Muitas das manifestações foram aumentadas por franjas que lhes eram comuns. É natural, e não vou alongar conversa sobre isso.
Eu não quero diminuir o primeiro 1º de Maio. É uma data com enorme carga afectiva e política. Mas, e lá vou eu ser desavergonhamente herético, nesse dia quantas pessoas ficaram em casa, e dessas quantas a tremer de medo à espera das mais horrendas coisas? Nos fins dos anos 40, por dever de amizade, fui a algumas festas de Santos populares em Lisboa. A multidão era imensa, corria-se o risco, não pequeno, de ser esmagado, etc. E porque aparecia tanta gente nessas festas? No 1º de Maio, avanço eu, foi a festa, foi a novidade, foi a esperança, foi, coisa mais feia, uma afirmação contra os caídos, o manguito, foi o efeito de agregação que as multidões provocam... Foi tudo isto, talvez.
Durante o PREC, eu dizia que não eram os revolucionários que faziam a Revolução, mas sim a Revolução que fazia os revolucionários. E, nessa linha, muitos dos manifestantes que então apareciam talvez fossem mais operados pelo PREC do que tenham sido, verdadeiramente, seus agentes.
E aqui vos deixo, pela certa, sem grande saudade vossa.

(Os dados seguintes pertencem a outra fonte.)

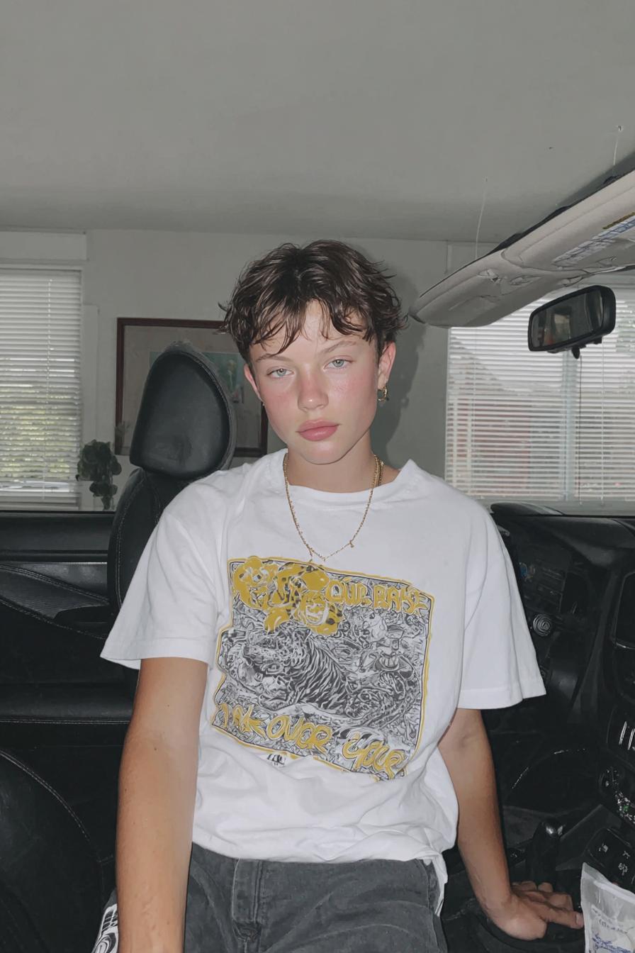 Ein weißes Grafik-Shirt, kurze Frisur und goldene Kette sorgen für unaufgeregte Coolness. Das Setting im Fahrzeug wirkt spontan und ungefiltert.

José Meireles Graça disse...

José de Sousa:
Não sou dono do blogue e por isso não tenho que alvitrar em casa alheia, mas mesmo assim arrisco: Por mim, pode aparecer, porque o li com gosto.

Anónimo disse...

Repito por falta do nome de que peço desculpa

Obrigado, JMG. Pode oferecer a casa da Joana sem risco, que ela não a fechará. Com a sua generosidade em relação à minha prosa, fez-me lembrar uma história. Atenção, história que não o retrata.
O Victor Hugo era um homem muito avarento e, num tempo em que esteve afastado de França (Napoléon le Petit) e gozando da hospedagem duma senhora qualquer, acedeu em receber o Magalhães Lima.
A questão da pena de morte contou para essa "recepção". O Magalhães Lima apareceu e durante toda a conversa salivou por um livro do Hugo, oferecido e dedicado por esse mesmo Victor Hugo. O livro não apareceu, mas quando o acompanhou, à saída da casa, Hugo arranca uma rosa do jardim que não era dele e ofereceu-a a Magalhães Lima. Não trouxe, pois, um livro do Victor Hugo, trouxe uma rosa da senhora que o hospedava.